* WHAT TO DO:
For the entries that follow, set down each one exactly and drop any pictures.

* RECORDS SHOWN:
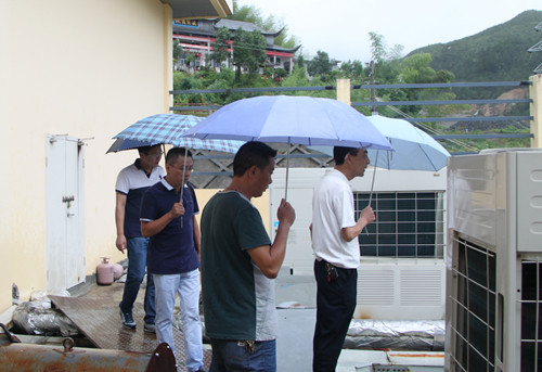 8月9日上午,繆穎院長(zhǎng)、朱澤雄書記、石康松副院長(zhǎng)帶領(lǐng)院辦、總務(wù)科、保衛(wèi)科、水電班等相關(guān)部門負(fù)責(zé)人冒雨到院內(nèi)各處查看超強(qiáng)臺(tái)風(fēng)“蘇迪羅”所造成的災(zāi)情。本次臺(tái)風(fēng)來(lái)臨前,收到氣象部門預(yù)報(bào)和上級(jí)主管部門通知后,院領(lǐng)導(dǎo)高度重視,8月7日晚召集中層以上干部召開防御強(qiáng)臺(tái)風(fēng)專題會(huì)議布置防臺(tái)工作,同時(shí)還向全院引發(fā)了防御強(qiáng)臺(tái)風(fēng)的通知,對(duì)災(zāi)害防御、應(yīng)急準(zhǔn)備等做了細(xì)致的部署。8月7日下午副院長(zhǎng)何邦劍帶領(lǐng)相關(guān)職能科室負(fù)責(zé)人進(jìn)行行政查房,排查安全隱患;8月7日晚,院辦、保衛(wèi)科、宿舍樓管理小組工作人員到存在安全隱患的飛鳳新村舊宿舍樓逐戶發(fā)放安全疏散通知,告知住戶舊宿舍樓存在的安全隱患、動(dòng)員逐戶安全疏散。8月8日全院取消雙休日,繆穎院長(zhǎng)坐鎮(zhèn)指揮,全院做好防御臺(tái)風(fēng)的一切準(zhǔn)備工作。
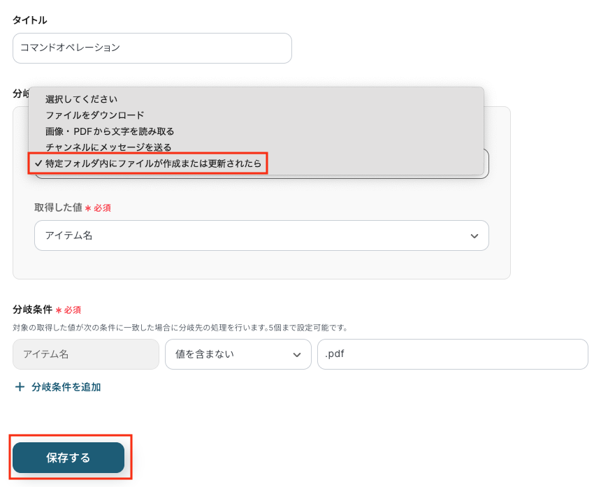 分岐機能を設定し、ファイルの作成・更新といった条件に応じて後続の処理を分岐させます。
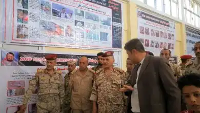 قائد محور تعز يزور معرض توثيق جرائم مليشيات الحوثي الإرهابية
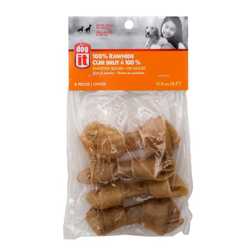 Os noué Dogit en cuir brut, 11,4 cm (4,5 po), paquet de 4
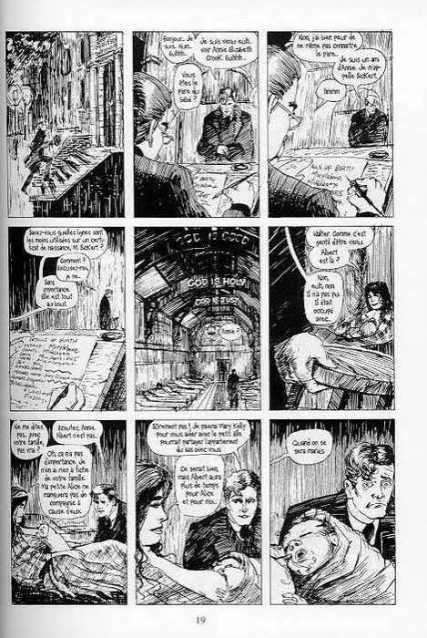 Après les chefs-d’œuvre V pour Vendetta et Watchmen, Alan Moore confirme son génie avec From Hell. Dans ce véritable pavé de la BD, le scénariste convoque des figures mythiques (Baal, Horus, Dionysos), bibliques ou littéraires, pour une plongée dans l’apocalypse du Londres victorien. Rien de surprenant pour les lecteurs de la Ligue des Gentlemen Extraordinaires : le programme de Moore s’abreuve encore une fois aux sources de l’enfer et du chaos pour dépeindre un monde cauchemardesque aux vertus libératrices. Ne pas s’y méprendre, From Hell n’est pas que le simple récit d’une enquête policière, avec un serial killer et des meurtres à élucider. Au-delà de l’intrigue assez anecdotique (il est en fait question d’une vague conspiration fomentée par les hauts placés), la BD propose une réflexion métaphysique d’une profondeur inouïe, prenant pour objets le pouvoir, l’aliénation de l’homme et sa folie. Œuvre résolument noire, brillante réflexion sur le mal et ses déclinaisons crépusculaires, From Hell plonge le lecteur dans les recoins de l’âme et de la conscience pour fabriquer son propre mythe, celui d’un mal sans fin. Tel un miroir ou un écho fantasmé, le graphisme d’Eddie Campbell se met au diapason de l’ambiance glauque, avec un noir et blanc dégoulinant de crasse, sale et charbonneux. Tour à tour dépouillé et rigoureux, le trait vient sublimer la portée symbolique du propos. Le mélange d’une écriture profonde et d’un dessin au cordeau, accouche d’une construction magistrale, propre à faire de From Hell un véritable chef-d’œuvre du 9e art. Soulignons enfin la rigueur d’Alan Moore. Car pour montrer le chaos, il se fait brillant chercheur en compilant une documentation très fouillée, quasiment exhaustive, dans une affaire où les convictions l’emportent largement sur les certitudes ; 40 pages de notes viennent clore ce roman graphique à l’équilibre parfait. Sombre portrait d’une modernité à venir, From Hell (qui annonce d’une certaine manière l’avènement des régimes totalitaires) vous invitera finalement à mieux connaître l’essence humaine. Une œuvre cathartique, un horizon indépassable... Culte.
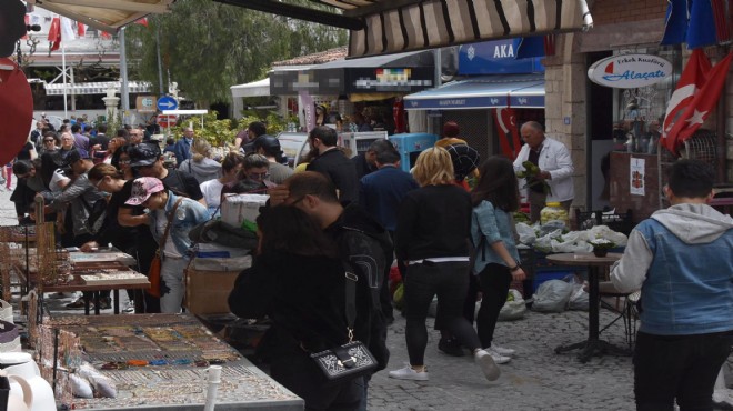 Otellerde boş oda bulunamazken özellikle Alaçatı Mahallesi'nin sokakları insan kalabalığıyla doldu taştı.
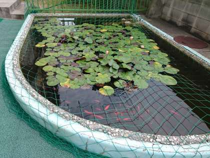 「玄関の池」「レインボーパークの二つの池」「保健室裏の池」全部で四つの池があります。「保健室裏の池」は、ここで生まれた金魚が200匹ほどいます。最初は小さく池のどこにいるのか分からなかったですが、今では大きくなり群れになっておよいでいます。

* SOLUTION FOR THIS TASK:
 8月9日上午,繆穎院長(zhǎng)、朱澤雄書記、石康松副院長(zhǎng)帶領(lǐng)院辦、總務(wù)科、保衛(wèi)科、水電班等相關(guān)部門負(fù)責(zé)人冒雨到院內(nèi)各處查看超強(qiáng)臺(tái)風(fēng)“蘇迪羅”所造成的災(zāi)情。本次臺(tái)風(fēng)來(lái)臨前,收到氣象部門預(yù)報(bào)和上級(jí)主管部門通知后,院領(lǐng)導(dǎo)高度重視,8月7日晚召集中層以上干部召開防御強(qiáng)臺(tái)風(fēng)專題會(huì)議布置防臺(tái)工作,同時(shí)還向全院引發(fā)了防御強(qiáng)臺(tái)風(fēng)的通知,對(duì)災(zāi)害防御、應(yīng)急準(zhǔn)備等做了細(xì)致的部署。8月7日下午副院長(zhǎng)何邦劍帶領(lǐng)相關(guān)職能科室負(fù)責(zé)人進(jìn)行行政查房,排查安全隱患;8月7日晚,院辦、保衛(wèi)科、宿舍樓管理小組工作人員到存在安全隱患的飛鳳新村舊宿舍樓逐戶發(fā)放安全疏散通知,告知住戶舊宿舍樓存在的安全隱患、動(dòng)員逐戶安全疏散。8月8日全院取消雙休日,繆穎院長(zhǎng)坐鎮(zhèn)指揮,全院做好防御臺(tái)風(fēng)的一切準(zhǔn)備工作。
 分岐機能を設定し、ファイルの作成・更新といった条件に応じて後続の処理を分岐させます。
 قائد محور تعز يزور معرض توثيق جرائم مليشيات الحوثي الإرهابية
 Os noué Dogit en cuir brut, 11,4 cm (4,5 po), paquet de 4
 Après les chefs-d’œuvre V pour Vendetta et Watchmen, Alan Moore confirme son génie avec From Hell. Dans ce véritable pavé de la BD, le scénariste convoque des figures mythiques (Baal, Horus, Dionysos), bibliques ou littéraires, pour une plongée dans l’apocalypse du Londres victorien. Rien de surprenant pour les lecteurs de la Ligue des Gentlemen Extraordinaires : le programme de Moore s’abreuve encore une fois aux sources de l’enfer et du chaos pour dépeindre un monde cauchemardesque aux vertus libératrices. Ne pas s’y méprendre, From Hell n’est pas que le simple récit d’une enquête policière, avec un serial killer et des meurtres à élucider. Au-delà de l’intrigue assez anecdotique (il est en fait question d’une vague conspiration fomentée par les hauts placés), la BD propose une réflexion métaphysique d’une profondeur inouïe, prenant pour objets le pouvoir, l’aliénation de l’homme et sa folie. Œuvre résolument noire, brillante réflexion sur le mal et ses déclinaisons crépusculaires, From Hell plonge le lecteur dans les recoins de l’âme et de la conscience pour fabriquer son propre mythe, celui d’un mal sans fin. Tel un miroir ou un écho fantasmé, le graphisme d’Eddie Campbell se met au diapason de l’ambiance glauque, avec un noir et blanc dégoulinant de crasse, sale et charbonneux. Tour à tour dépouillé et rigoureux, le trait vient sublimer la portée symbolique du propos. Le mélange d’une écriture profonde et d’un dessin au cordeau, accouche d’une construction magistrale, propre à faire de From Hell un véritable chef-d’œuvre du 9e art. Soulignons enfin la rigueur d’Alan Moore. Car pour montrer le chaos, il se fait brillant chercheur en compilant une documentation très fouillée, quasiment exhaustive, dans une affaire où les convictions l’emportent largement sur les certitudes ; 40 pages de notes viennent clore ce roman graphique à l’équilibre parfait. Sombre portrait d’une modernité à venir, From Hell (qui annonce d’une certaine manière l’avènement des régimes totalitaires) vous invitera finalement à mieux connaître l’essence humaine. Une œuvre cathartique, un horizon indépassable... Culte.
 Otellerde boş oda bulunamazken özellikle Alaçatı Mahallesi'nin sokakları insan kalabalığıyla doldu taştı.
 「玄関の池」「レインボーパークの二つの池」「保健室裏の池」全部で四つの池があります。「保健室裏の池」は、ここで生まれた金魚が200匹ほどいます。最初は小さく池のどこにいるのか分からなかったですが、今では大きくなり群れになっておよいでいます。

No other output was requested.